Investigative Psychology

     This newer branch of psychology is often associated with criminal profiling, but confused with forensic psychology. Forensic psychologists draw on the fields of law and psychology and work within the legal system. They work as expert witnesses, trial consultants, academic researchers and law enforcement consultants. They typically evaluate witnesses to judge their credibility, competency and even sanity. On the other hand, criminal profiling is a set of tools that helps law enforcement professionals profile offenders and predict criminal behavior. This type of behavioral profiling has been popularized by well-known criminal investigation TV shows. However, investigative psychologists focus on examining all forms of crime in order to facilitate the legal and law enforcement process (Bartol & Bartol, 2012).

     Investigative psychologists perform both hands-on and abstract scientifically-based research and analysis. They often examine criminal styles and patterns in order to understand the offender’s thought processes and psychological characteristics. As an example, they perform offender profiling that will hopefully assist with apprehending a target criminal (Morgan, Beer, and Fitzgerald, 2007). They also perform comprehensive analyses of the legal and investigative decisions and process. For instance, they may interview victims, predict violent behavior and review the involved detective’s decision-making process.  

     The controversial topic in investigative psychology is the polygraph. This machine is supposed to detect fabrication or lies of a suspect under investigation (Kocsis, 2006). However, with all the new devices available many people are finding ways to cheat the machine, so the evidence is most often ruled out in criminal cases.  

Correctional Psychology

     Correctional psychologists play a crucial role within the mental health industry. Correctional psychologists face the daunting task of providing mental health treatment to those placed in custodial correctional settings. The main responsibility of a correctional psychologist is to rehabilitate inmates, and to help them make transition from prison, back into the free world.    

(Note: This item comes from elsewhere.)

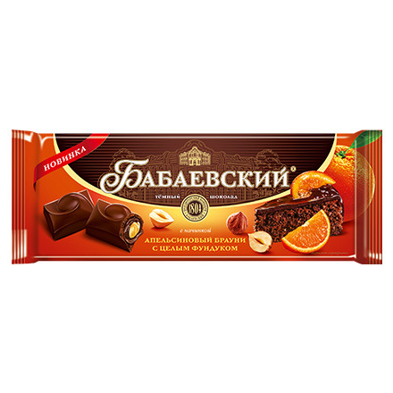 Насыщенный вкус легендарного «Бабаевского» шоколада дополнен ароматом цитрусов и напоминает вкус любимых пирожных брауни. В плитку добавлены ядра целого фундука. Трио - темный шоколад, апельсин и орехи - создают яркое сочетание вкуса, в который невозможно не влюбиться.

     Correctional psychologists also use their skills to create a safer atmosphere for staff dealing with inmates. These professionals attempt to lessen the likelihood of physical violence against those working in prisons. In addition to these responsibilities, correctional psychologists often weigh in on parole recommendations, and conduct psychological evaluations of inmates.

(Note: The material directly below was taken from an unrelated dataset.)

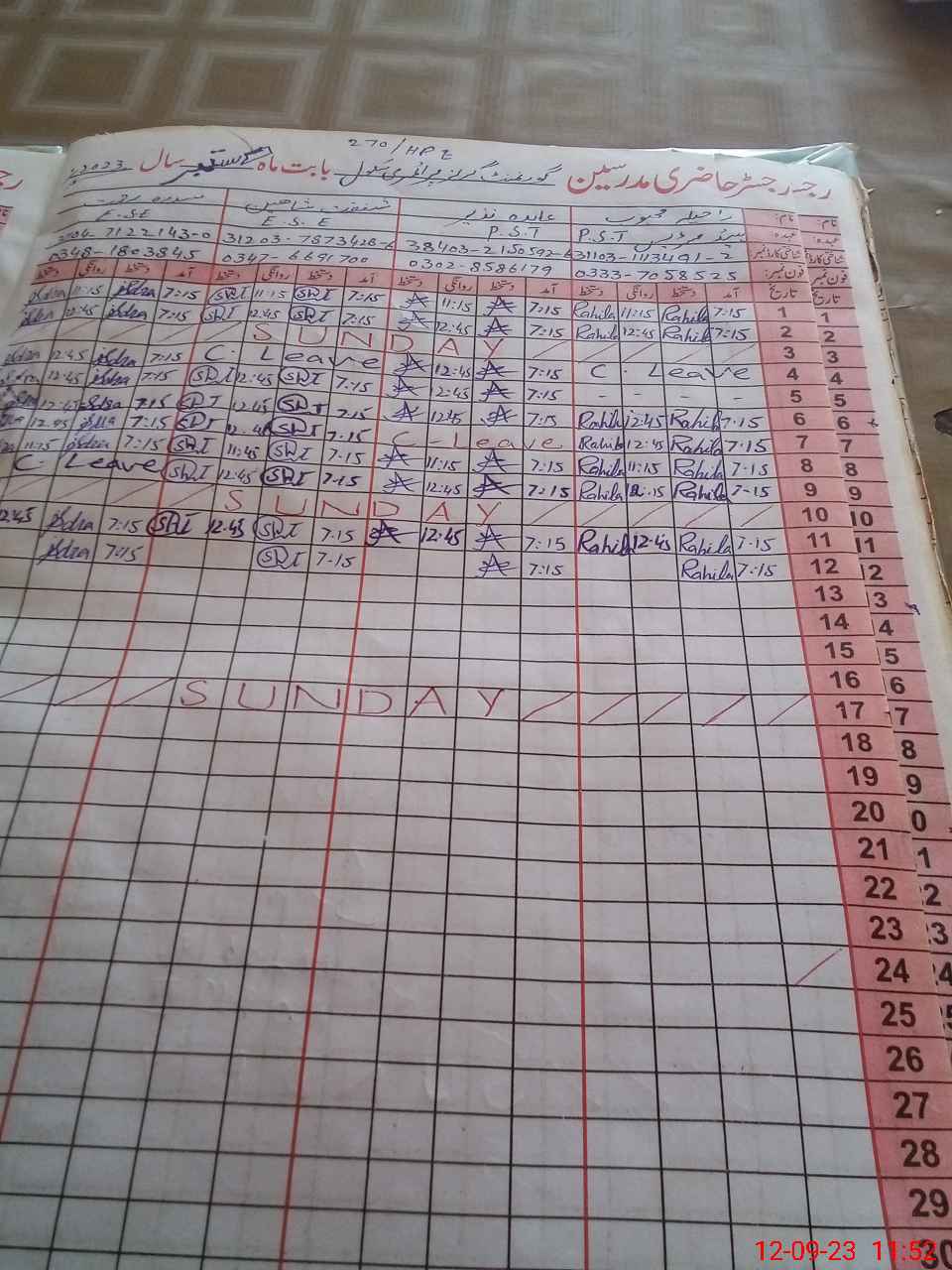 | CNIC | Full Name | Designation | R/C | Absence During Last Calender Month |

     Some issues to consider involve the ethical responsibilities that this job requires. While patients in normal settings have the benefit of treatment which focuses firstly on their own safety, psychologists working within correctional settings must first regard the safety of the correctional facility (Bartol & Bartol, 2012). Any abuses or violent behaviors must be reported- and therefor undermine fundamental posits of therapeutic intervention. Furthermore, correctional psychologists may be occasionally asked to perform duties that are more like the job descriptions of correctional officers. This may create further ethical problems for the psychologists in question.